Тем поздним осенним вечером ватажники подстерегли на дороге, пролегавший через лесную чащобу, небольшой обоз. Кузьке, вопреки обыкновению принявшему участие в нападении, в суматохе удалось приблизиться к увлеченному грабежом Фоке и, на мгновение свесившись с седла, одним движением, оставшимся никем не замеченным, перерезать ему глотку. «Медведь убит!» — первым крикнул он и тут же с громким гиканьем пустился следом за перепуганным мужиком, который привстал из-за повозки и, видно, собирался скрыться с места побоища за кустами, растущими у обочины.

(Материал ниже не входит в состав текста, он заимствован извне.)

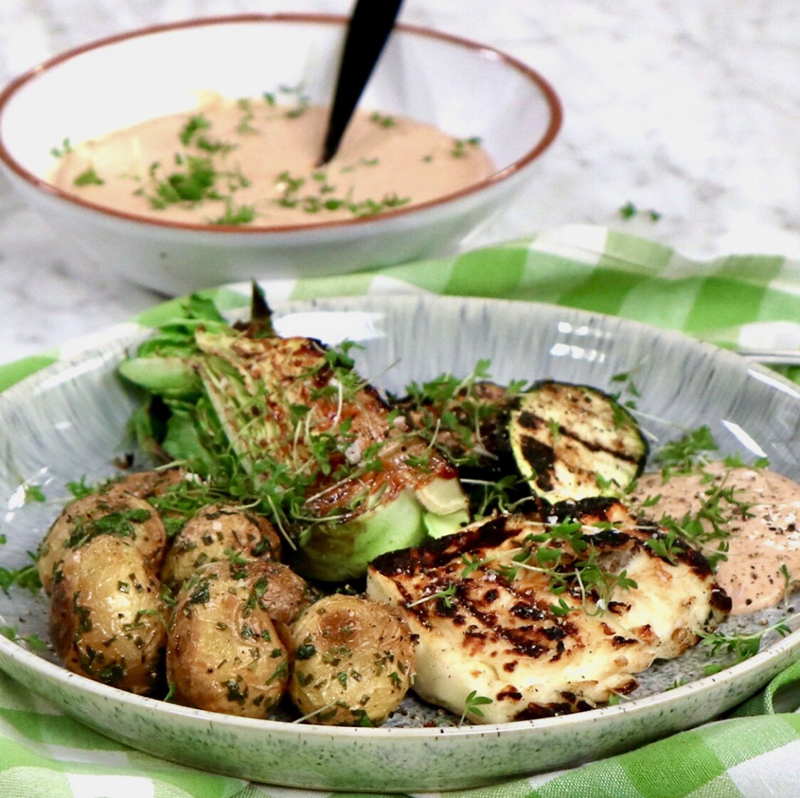 Barbecue plate with barbecue-grilled vegetables & roasted fresh new potatoes in a herbaceous vinaigrette.

Всадив свой короткий меч ему в спину и быстро, одним махом, вернувшись к той повозке, где на вспоротых мешках лежало тело зарезанного товарища, Кузька спрыгнул на землю, засыпанную пожухлой листвой, и по–бабьи запричитал. Крик его был услышан всеми, многие видели, как он ринулся догонять кого-то, и теперь, когда уже можно было праздновать очередную маленькую победу, ватажники услышали, как горько убивается их вожак, стоя рядом с телом самого близкого своего друга и приговаривая, что отомстил его убийце. Несколько дней Кузьма ходил чернее тучи, мрачно молчал. Видя его горе, ватажники, чьи сердца давно уже огрубели, искренне сочувствовали ему. Он же в душе ликовал.
Фока давно уже донимал Кузьму своими неуместными шутками и намеками. То, заговорщицки подмигнув, он говорил шепотом, что ему кое-что о нем известно, и, указывая на Кузькин шрам, ржал, словно конь, то при всех начинал упрекать главаря в том, что тот редко стал участвовать в набегах. «Стареть ты, никак, начал? Может, тяжка тебе твоя ноша стала, отдохнуть не хочешь ли? — спрашивал Фока с неподдельным сочувствием в голосе, так что Кузьке и в самом деле вдруг хотелось признаться в том, что ему надоело скрываться в лесах, жить по норам. Когда-то давно, в пылу откровения Кузька проговорился в разговоре с Фокой, что намерен, как только наберет добра побольше, уйти из леса и обосноваться где-нибудь подальше от властей. Фока, видно, не забыл тот разговор и в первый раз припомнил его, когда они вместе еще с двумя ватажниками припрятывали в укромном месте награбленное.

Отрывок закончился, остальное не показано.